Open killah-t-cell opened 3 years ago
Just tried optimizing with ADAM + BFGS and that didn't work well either just fyi :)
It seems that in order to handle time, we need to either use a moving time window approach or implement an LSTM (or both?).
It does help. Did you try it out?
@ChrisRackauckas I'm not sure I know how to. How does one go about doing that?
There should be multiple tutorials which show it IIRC.
res = GalacticOptim.solve(prob, ADAM(); cb=cb, maxiters=300)

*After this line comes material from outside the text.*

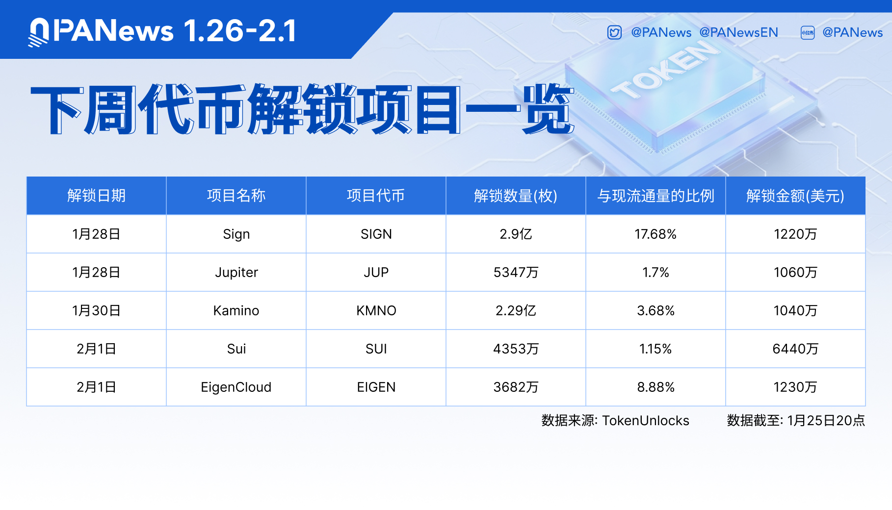 PANews 1月25日消息,Token Unlocks数据显示,SIGN、JUP等代币将于下周迎来大额解锁,其中:

res = GalacticOptim.solve(remake(prob, p = res.minimizer), BFGS(); cb=cb, maxiters=1000)
phi = discretization.phi
@ChrisRackauckas I will look them up. I had tried something similar (it's what I mean by ADAM + BFGS) and it definitely got me closer but it still struggled to approximate.
Here is the updated code for reference:
using NeuralPDE, Flux, ModelingToolkit, GalacticOptim, Optim, DiffEqFlux
using Plots
using Quadrature, Cuba, QuasiMonteCarlo
import ModelingToolkit: Interval, infimum, supremum
# Parameters, variables, and derivatives
@parameters t x
@variables u(..)
Dt = Differential(t)
Dx = Differential(x)
Dxx = Differential(x)^2
# 1D PDE and boundary conditions
eq = Dt(u(t, x)) ~ Dxx(u(t, x))
bcs = [u(0, x) ~ cos(x),
Dx(u(t, 0)) ~ 0,
Dx(u(t, 1)) ~ 0]
# Space and time domains
domains = [t ∈ Interval(0.0, 1.0),
x ∈ Interval(0.0, 1.0)]
# Neural network
chain = FastChain(FastDense(2, 16, Flux.σ), FastDense(16, 16, Flux.σ), FastDense(16, 1))
initθ = map(c -> Float64.(c), DiffEqFlux.initial_params.(chain))
quasirandom_strategy = NeuralPDE.QuasiRandomTraining(500; sampling_alg=LatinHypercubeSample())
discretization = NeuralPDE.PhysicsInformedNN(chain, quasirandom_strategy;init_params=initθ)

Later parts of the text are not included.